DATA

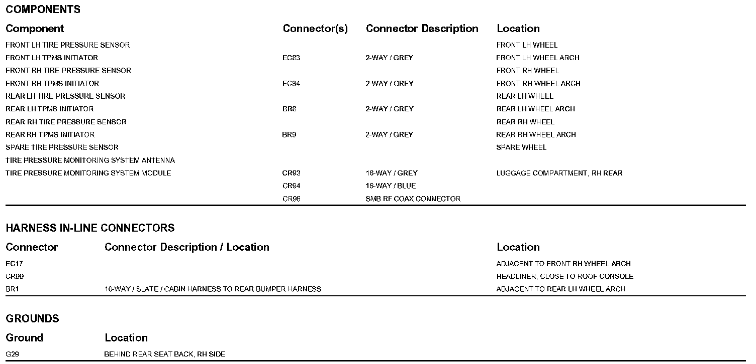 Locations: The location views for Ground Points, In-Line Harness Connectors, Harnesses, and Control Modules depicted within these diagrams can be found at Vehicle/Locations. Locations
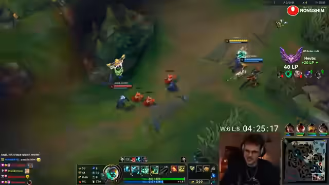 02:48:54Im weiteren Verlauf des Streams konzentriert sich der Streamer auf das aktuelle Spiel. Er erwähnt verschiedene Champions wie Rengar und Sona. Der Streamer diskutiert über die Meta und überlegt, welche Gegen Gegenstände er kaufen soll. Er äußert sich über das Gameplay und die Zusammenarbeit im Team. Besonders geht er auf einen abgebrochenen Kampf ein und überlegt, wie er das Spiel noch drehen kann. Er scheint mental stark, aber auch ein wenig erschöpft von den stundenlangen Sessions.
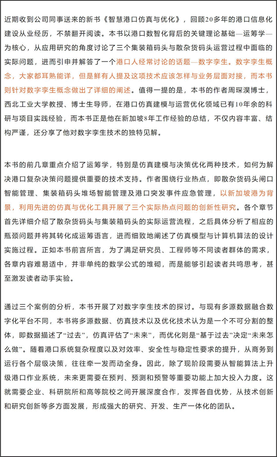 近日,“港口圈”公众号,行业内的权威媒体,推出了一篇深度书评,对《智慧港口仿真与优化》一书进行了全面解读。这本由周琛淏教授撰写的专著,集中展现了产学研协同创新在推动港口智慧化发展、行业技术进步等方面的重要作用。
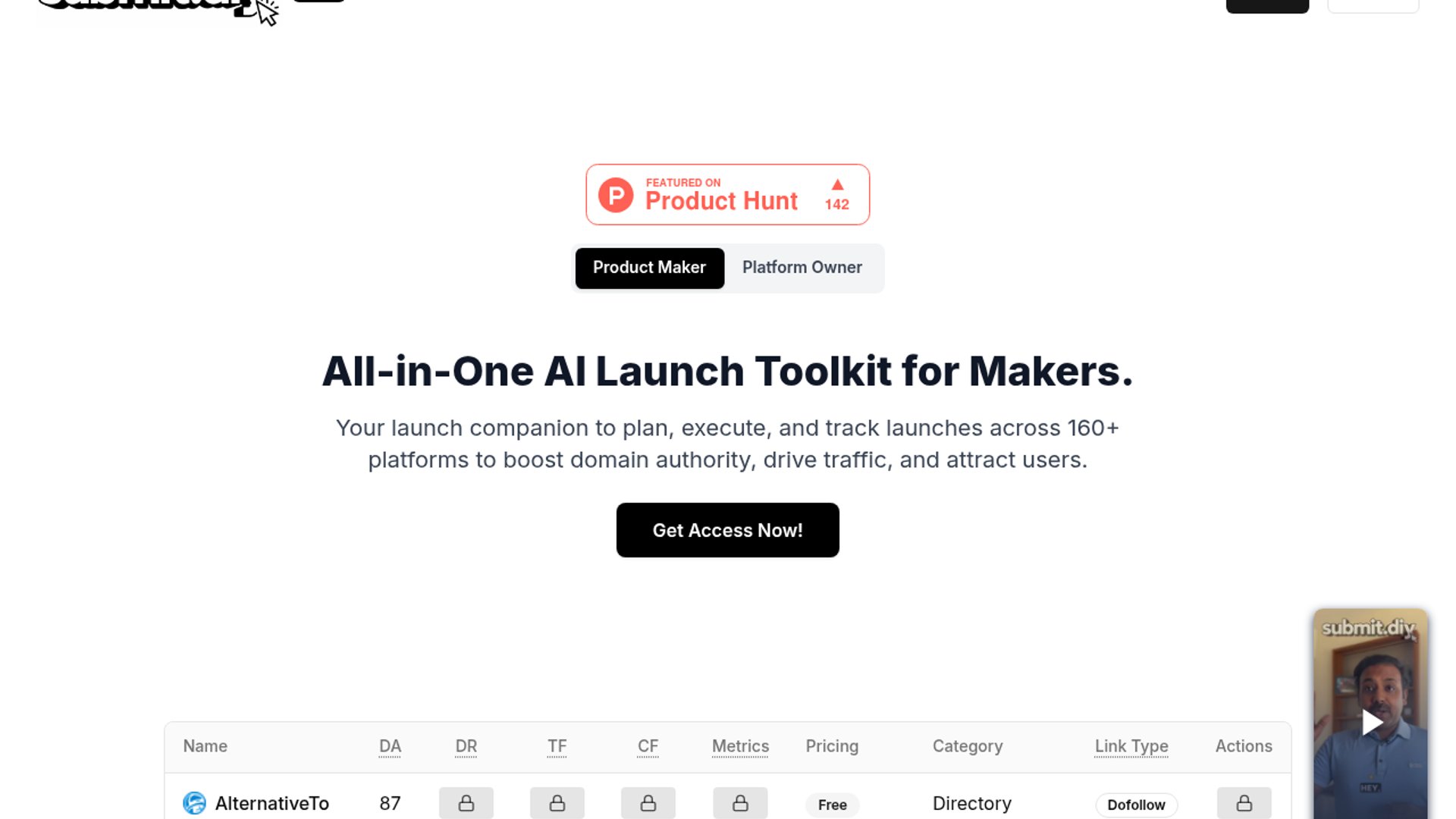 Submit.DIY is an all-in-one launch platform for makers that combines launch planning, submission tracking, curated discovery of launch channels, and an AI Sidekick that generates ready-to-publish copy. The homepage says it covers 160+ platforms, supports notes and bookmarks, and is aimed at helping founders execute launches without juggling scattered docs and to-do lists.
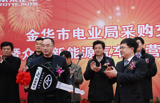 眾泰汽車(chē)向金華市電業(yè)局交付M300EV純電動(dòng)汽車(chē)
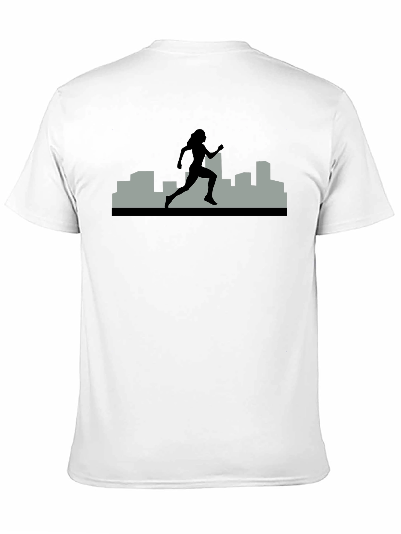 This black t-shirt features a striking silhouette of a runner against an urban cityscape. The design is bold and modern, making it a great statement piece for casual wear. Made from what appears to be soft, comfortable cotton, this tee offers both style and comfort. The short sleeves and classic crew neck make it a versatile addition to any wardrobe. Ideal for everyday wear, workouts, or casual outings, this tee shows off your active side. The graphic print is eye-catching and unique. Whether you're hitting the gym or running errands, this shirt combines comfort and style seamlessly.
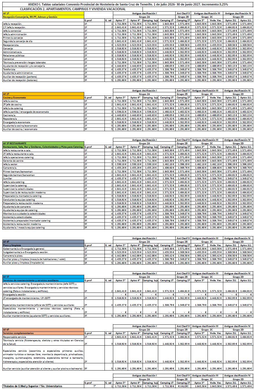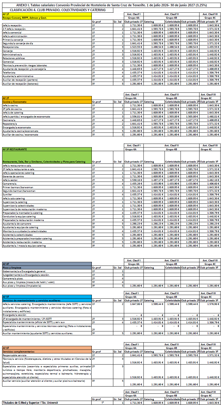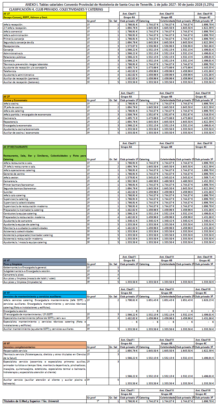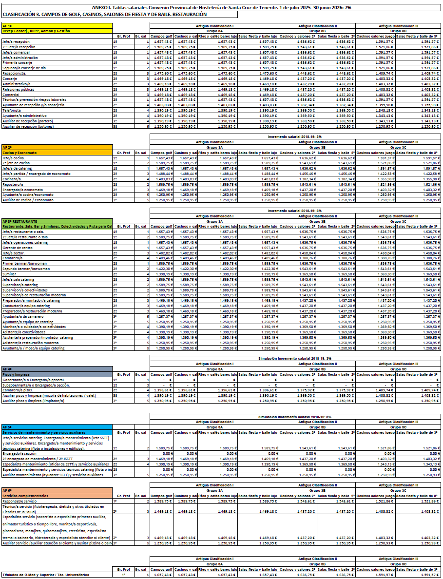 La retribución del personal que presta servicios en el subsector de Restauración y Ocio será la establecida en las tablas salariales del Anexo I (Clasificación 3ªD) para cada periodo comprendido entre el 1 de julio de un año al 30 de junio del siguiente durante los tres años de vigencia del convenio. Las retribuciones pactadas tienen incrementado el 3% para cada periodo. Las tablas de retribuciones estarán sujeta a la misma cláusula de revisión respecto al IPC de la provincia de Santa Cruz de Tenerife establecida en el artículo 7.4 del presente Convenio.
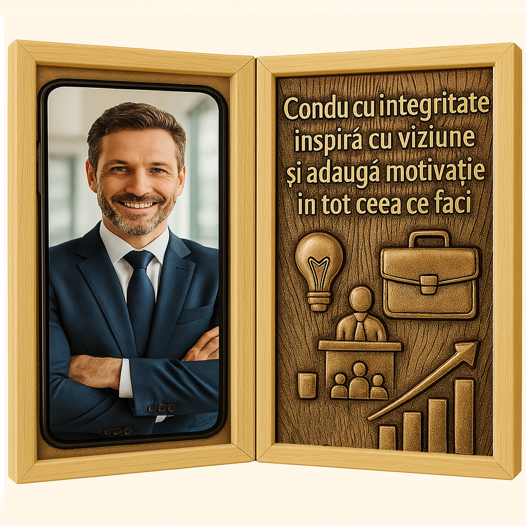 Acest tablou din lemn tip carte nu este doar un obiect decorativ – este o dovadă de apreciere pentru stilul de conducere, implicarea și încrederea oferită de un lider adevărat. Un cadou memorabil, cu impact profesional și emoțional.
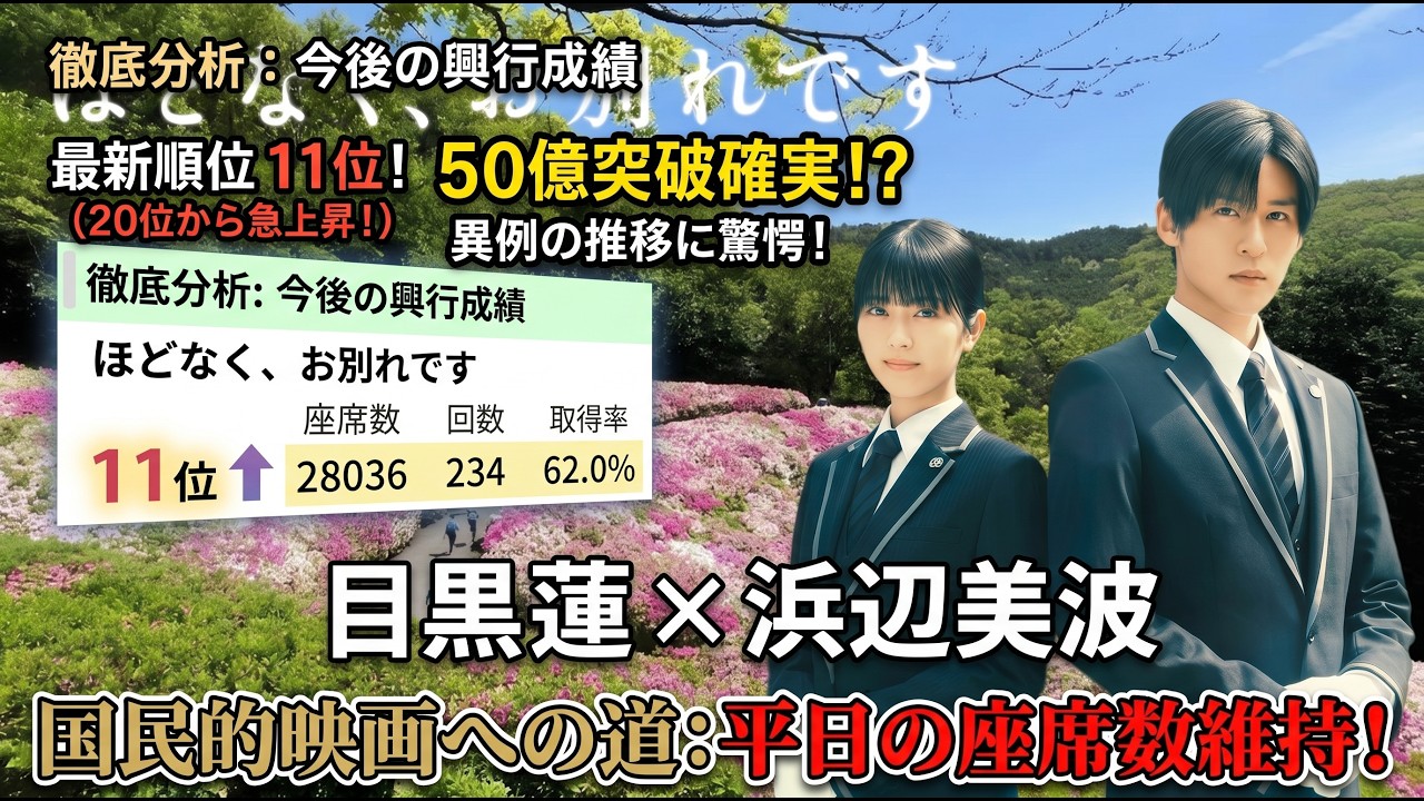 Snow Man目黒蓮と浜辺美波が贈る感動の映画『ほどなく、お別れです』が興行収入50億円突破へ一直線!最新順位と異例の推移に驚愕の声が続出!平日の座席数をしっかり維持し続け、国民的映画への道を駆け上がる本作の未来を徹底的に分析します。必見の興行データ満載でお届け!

REQUIRED WORK
Write every record out again exactly; no pictures belong in the copy.

TASK SOLUTION
 Locations: The location views for Ground Points, In-Line Harness Connectors, Harnesses, and Control Modules depicted within these diagrams can be found at Vehicle/Locations. Locations
 02:48:54Im weiteren Verlauf des Streams konzentriert sich der Streamer auf das aktuelle Spiel. Er erwähnt verschiedene Champions wie Rengar und Sona. Der Streamer diskutiert über die Meta und überlegt, welche Gegen Gegenstände er kaufen soll. Er äußert sich über das Gameplay und die Zusammenarbeit im Team. Besonders geht er auf einen abgebrochenen Kampf ein und überlegt, wie er das Spiel noch drehen kann. Er scheint mental stark, aber auch ein wenig erschöpft von den stundenlangen Sessions.
 近日,“港口圈”公众号,行业内的权威媒体,推出了一篇深度书评,对《智慧港口仿真与优化》一书进行了全面解读。这本由周琛淏教授撰写的专著,集中展现了产学研协同创新在推动港口智慧化发展、行业技术进步等方面的重要作用。
 Submit.DIY is an all-in-one launch platform for makers that combines launch planning, submission tracking, curated discovery of launch channels, and an AI Sidekick that generates ready-to-publish copy. The homepage says it covers 160+ platforms, supports notes and bookmarks, and is aimed at helping founders execute launches without juggling scattered docs and to-do lists.
 眾泰汽車(chē)向金華市電業(yè)局交付M300EV純電動(dòng)汽車(chē)
 This black t-shirt features a striking silhouette of a runner against an urban cityscape. The design is bold and modern, making it a great statement piece for casual wear. Made from what appears to be soft, comfortable cotton, this tee offers both style and comfort. The short sleeves and classic crew neck make it a versatile addition to any wardrobe. Ideal for everyday wear, workouts, or casual outings, this tee shows off your active side. The graphic print is eye-catching and unique. Whether you're hitting the gym or running errands, this shirt combines comfort and style seamlessly.
 La retribución del personal que presta servicios en el subsector de Restauración y Ocio será la establecida en las tablas salariales del Anexo I (Clasificación 3ªD) para cada periodo comprendido entre el 1 de julio de un año al 30 de junio del siguiente durante los tres años de vigencia del convenio. Las retribuciones pactadas tienen incrementado el 3% para cada periodo. Las tablas de retribuciones estarán sujeta a la misma cláusula de revisión respecto al IPC de la provincia de Santa Cruz de Tenerife establecida en el artículo 7.4 del presente Convenio.
 Acest tablou din lemn tip carte nu este doar un obiect decorativ – este o dovadă de apreciere pentru stilul de conducere, implicarea și încrederea oferită de un lider adevărat. Un cadou memorabil, cu impact profesional și emoțional.
 Snow Man目黒蓮と浜辺美波が贈る感動の映画『ほどなく、お別れです』が興行収入50億円突破へ一直線!最新順位と異例の推移に驚愕の声が続出!平日の座席数をしっかり維持し続け、国民的映画への道を駆け上がる本作の未来を徹底的に分析します。必見の興行データ満載でお届け!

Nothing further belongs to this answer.